アメリカ有数の不動産投資都市であるボストンが、大きな転換点を迎えています。

2026年11月、マサチューセッツ州では「家賃規制(Rent Control)」導入の是非を問う住民投票が予定されています。

まだ法案は成立していませんが、不動産投資家の間ではすでに警戒感が広がっており、一部では投資資金を他州へ振り向ける動きも出始めています。

🔍家賃規制法案の内容とは?

今回提案されている制度では、

👉 家賃上昇率を

「5%または消費者物価指数(CPI)のいずれか低い方」

に制限する内容となっています。

ただし、

✔ オーナー居住物件
✔ 4戸以下の小規模物件
✔ 築10年未満の建物

については対象外です。

住宅費高騰に苦しむ入居者を守ることが目的で、ボストン市の Michelle Wu 市長や複数の住宅支援団体が支持しています。

💰不動産価値45兆円消失の試算

今回の議論で最も衝撃的なのは、この数字です。

Tufts University Center for State Policy Analysis が2026年3月に公表したレポートによると、

👉 家賃規制法案が成立した場合、マサチューセッツ州全体の不動産価値が約3,000億ドル(約45兆円)減少する可能性がある

と試算されています。

不動産価値が下落すると、

✔ オーナーの資産価値減少
✔ 地方自治体の固定資産税収減少
✔ 開発投資の縮小

など、経済全体への影響も懸念されています。

📉投資家はすでにボストン離れ?

ボストンで開催された不動産投資カンファレンスでは、多くの機関投資家が家賃規制への懸念を表明しました。

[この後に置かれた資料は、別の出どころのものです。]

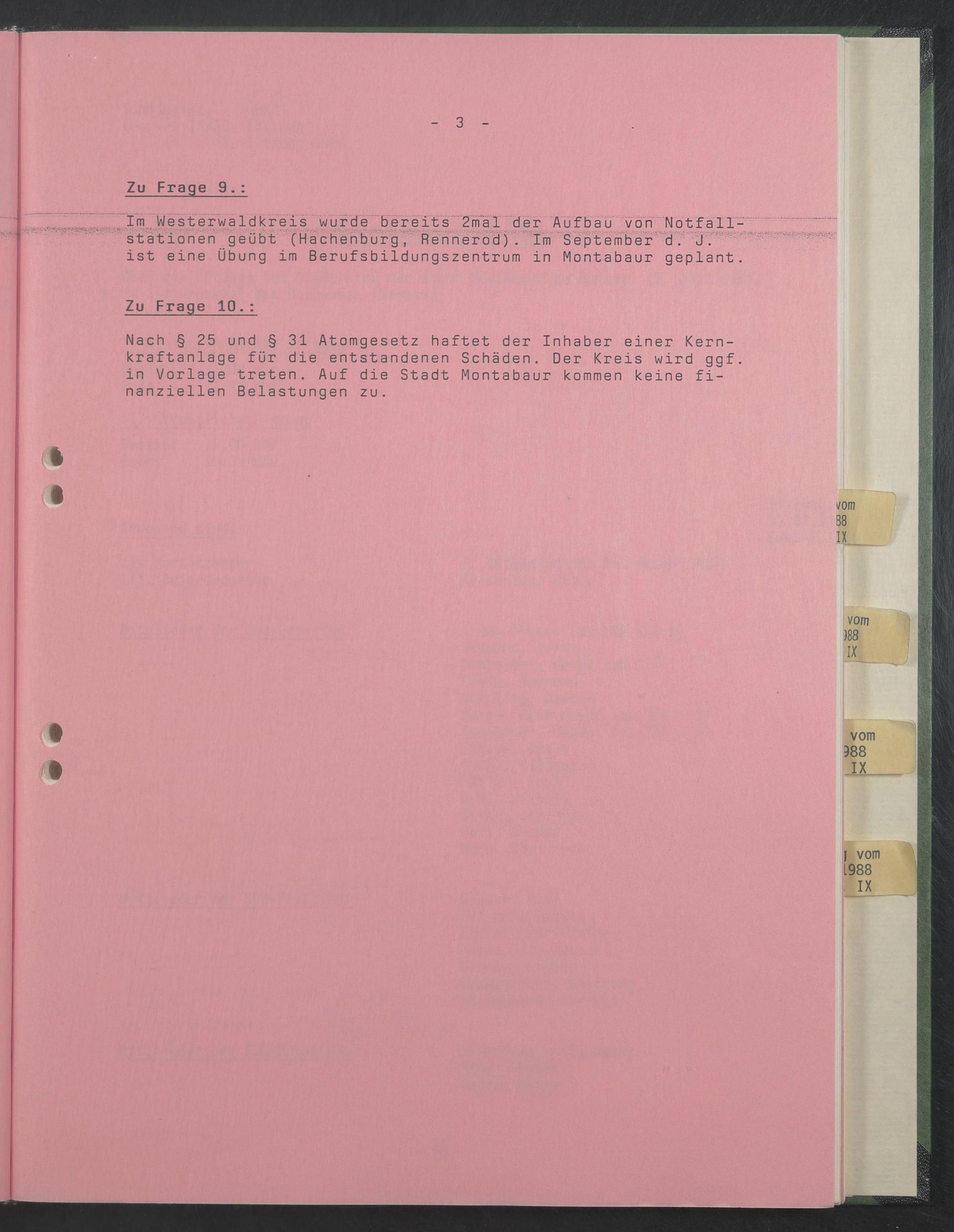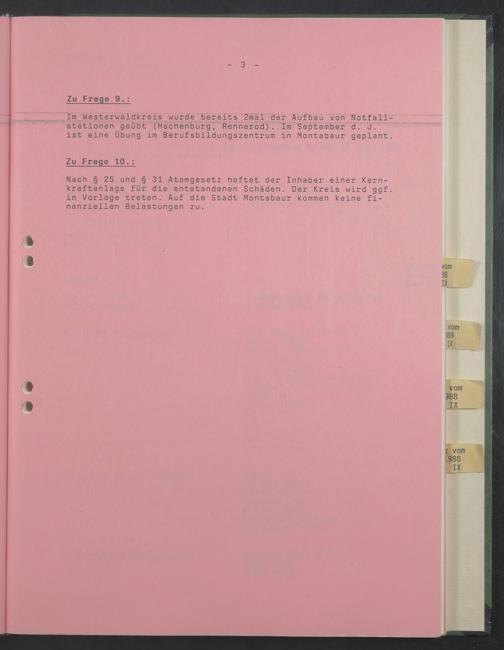 Nach § 25 und § 31 Atomgesetz haftet der Inhaber einer Kernkraftanlage für die entstandenen Schäden. Der Kreis wird ggf. in Vorlage treten. Auf die Stadt Montabaur kommen keine finanziellen Belastungen zu.
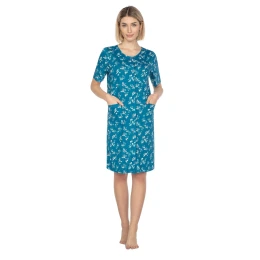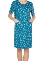 Dámská noční košilka 129 green REGINA - zelená barva - z vysoce jakostní bavlny - krátké rukávy - s květinovým motivem - zapínání na knoflíky - s kapsami

Marcus Partnersの投資責任者Ryan McDonough氏は、「私は投資委員会の中でも最も楽観的な人間だが、それでもボストンへの投資を正当化するのが難しくなっている」

と発言。

またPGIM Real Estateの幹部も、「家賃規制の話が出ているだけで、多くの機関投資家が『ボストンは見送ろう』と言っている」

とコメントしています。

つまり、

👉 法律が成立していなくても

👉 不確実性そのものが投資判断に影響している

という状況です。

🏗️住宅供給はさらに減るのか?

反対派が最も懸念しているのは、

👉 新規住宅供給の減少

です。

現在でも、

✔ 高金利
✔ 建築費高騰
✔ 人件費上昇

によって住宅開発は苦戦しています。

実際、ボストンの新築マルチファミリー供給は、

2025年第1四半期の2,765戸から、直近では1,736戸へ減少

しています。

不動産業界は、「家賃規制によって収益性が低下すれば、新しい住宅を建設するインセンティブがさらに失われる」

と主張しています。

🤔本当に大きな影響が出るのか?

一方で、

「影響は限定的ではないか」

という意見もあります。

ニューヨークの投資会社Dansker Capital GroupのCEOは、「現在のボストンの家賃上昇率は前年比0.3%程度であり、実際に規制の影響を強く受ける物件はそれほど多くない」

と指摘しています。

つまり、

👉 家賃が急騰している市場なら影響は大きい

しかし、

👉 現在のボストン市場では限定的かもしれない

という見方です。

📝まとめ

今回のニュースを一言でいうと、

👉 家賃規制法案そのものより、“家賃規制が導入されるかもしれない”という不確実性が投資マネーを遠ざけている

ということです。

ボストンは、

✔ Harvard University
✔ Massachusetts Institute of Technology
✔ 世界有数のバイオテクノロジー産業
✔ 高所得者層の集積

という強力な経済基盤を持つ都市です。

しかし今、

👉 家賃規制リスク
👉 高金利
👉 建築費高騰
👉 人口成長の鈍化

という新たな課題に直面しています。

11月の住民投票の結果は、ボストンだけでなく、全米のマルチファミリー投資市場にも影響を与える可能性がありそうです。